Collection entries
++++++++

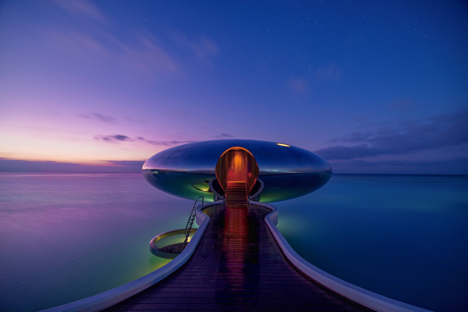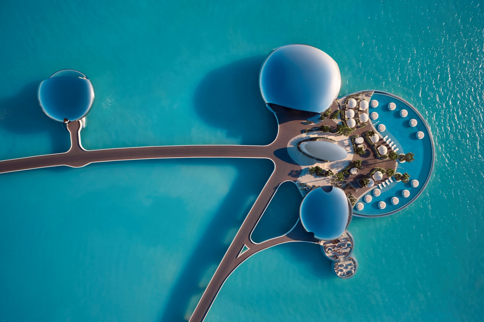 建築設計汲取島嶼自然景觀為靈感,回應碧波海色、綿延沙岸與遼闊天際線的節奏。不鏽鋼打造的水上別墅被塑造成漂浮於海面的球體,如同珍珠懸浮其上,隨光線與海色變化映射出細膩而流動的光影。所有建築皆以毫米級精度定位,避免對陸地與海床造成干擾,並採用鋼樁結構取代疏浚或混凝土基礎,將對自然的影響降至最低。永續理念貫穿整體規劃,太陽能微電網提供百分之百再生能源,無需仰賴柴油發電;用水來自太陽能海水淡化系統,廢水就地循環再利用,固體廢棄物則透過堆肥或再製實踐零廢棄目標。建築材料,特別是船用級不鏽鋼,皆以耐用、可回收與低碳為核心考量。
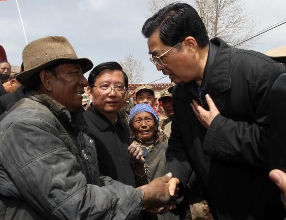 在救灾帐篷前,面对围拢过来的受灾群众,胡锦涛大声说:“乡亲们,你们受苦了!玉树地震发生后,中央的同志忧心重重。听到你们有的失去了亲人,有的失去了家园,我们和你们一样难过。今天,我特地来这里,向大家表示亲切的慰问!”
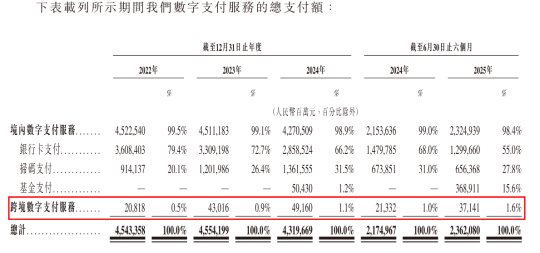 招股书显示,拉卡拉主营的数字支付服务中,跨境数字支付服务2022年至2024年占比分别为0.5%、0.9%、1.1%,2025年上半年提升至1.6%,虽然占比在逐渐提升,但相比境内支付服务,仍占比极少。
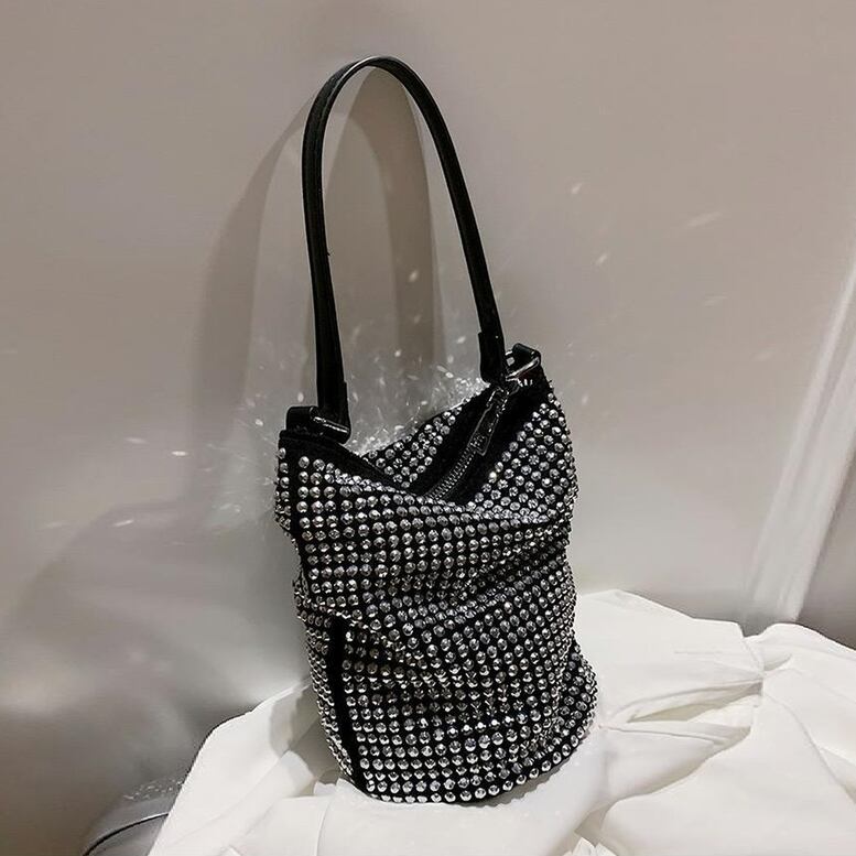 メタリックなビジューでクシュっとした柔らかさが特徴のキラキラバッグ。
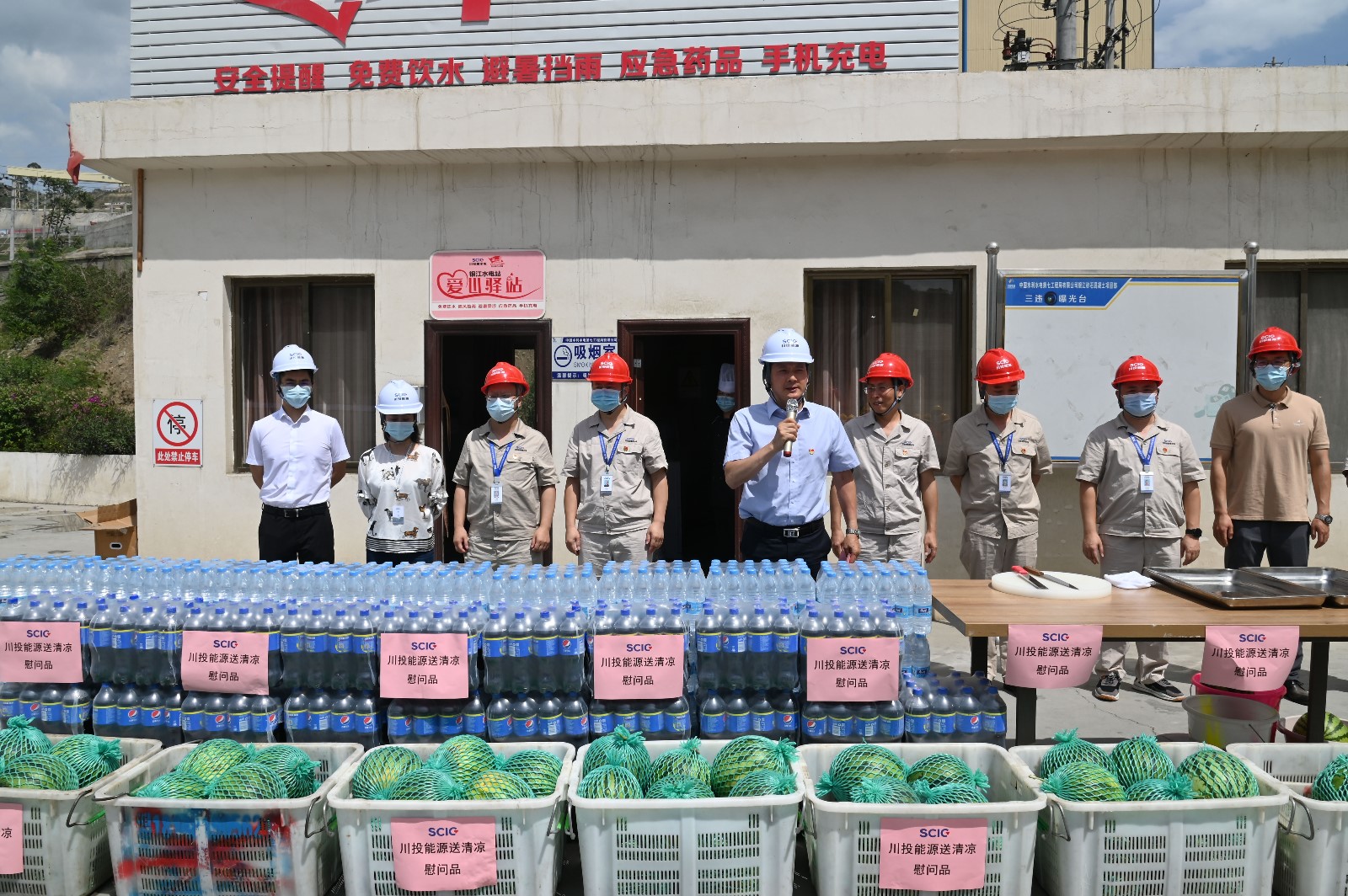 夏至剛過,高溫來襲,攀枝花已進(jìn)入了高溫酷暑季節(jié)。6月22日下午,為落實全國總工會《關(guān)于做好2022年職工防暑降溫工作的通知》要求,受川投能源黨委書記、副董事長、總經(jīng)理楊洪的委托,川投能源黨委副書記、工會主席冉蘭平一行頂著烈日高溫,專程到銀江水電站工地看望慰問堅守在高溫酷暑中的一線建設(shè)者。川投能源人力資源部經(jīng)理王歆、紀(jì)檢工作部陳一鳴及攀水電公司領(lǐng)導(dǎo)、志愿者服務(wù)隊參加慰問。

++++++++

__YOUR ASSIGNMENT__.
Retype the records in full. Do not carry over the images.

__WRITTEN RESPONSE__.
 建築設計汲取島嶼自然景觀為靈感,回應碧波海色、綿延沙岸與遼闊天際線的節奏。不鏽鋼打造的水上別墅被塑造成漂浮於海面的球體,如同珍珠懸浮其上,隨光線與海色變化映射出細膩而流動的光影。所有建築皆以毫米級精度定位,避免對陸地與海床造成干擾,並採用鋼樁結構取代疏浚或混凝土基礎,將對自然的影響降至最低。永續理念貫穿整體規劃,太陽能微電網提供百分之百再生能源,無需仰賴柴油發電;用水來自太陽能海水淡化系統,廢水就地循環再利用,固體廢棄物則透過堆肥或再製實踐零廢棄目標。建築材料,特別是船用級不鏽鋼,皆以耐用、可回收與低碳為核心考量。
 在救灾帐篷前,面对围拢过来的受灾群众,胡锦涛大声说:“乡亲们,你们受苦了!玉树地震发生后,中央的同志忧心重重。听到你们有的失去了亲人,有的失去了家园,我们和你们一样难过。今天,我特地来这里,向大家表示亲切的慰问!”
 招股书显示,拉卡拉主营的数字支付服务中,跨境数字支付服务2022年至2024年占比分别为0.5%、0.9%、1.1%,2025年上半年提升至1.6%,虽然占比在逐渐提升,但相比境内支付服务,仍占比极少。
 メタリックなビジューでクシュっとした柔らかさが特徴のキラキラバッグ。
 夏至剛過,高溫來襲,攀枝花已進(jìn)入了高溫酷暑季節(jié)。6月22日下午,為落實全國總工會《關(guān)于做好2022年職工防暑降溫工作的通知》要求,受川投能源黨委書記、副董事長、總經(jīng)理楊洪的委托,川投能源黨委副書記、工會主席冉蘭平一行頂著烈日高溫,專程到銀江水電站工地看望慰問堅守在高溫酷暑中的一線建設(shè)者。川投能源人力資源部經(jīng)理王歆、紀(jì)檢工作部陳一鳴及攀水電公司領(lǐng)導(dǎo)、志愿者服務(wù)隊參加慰問。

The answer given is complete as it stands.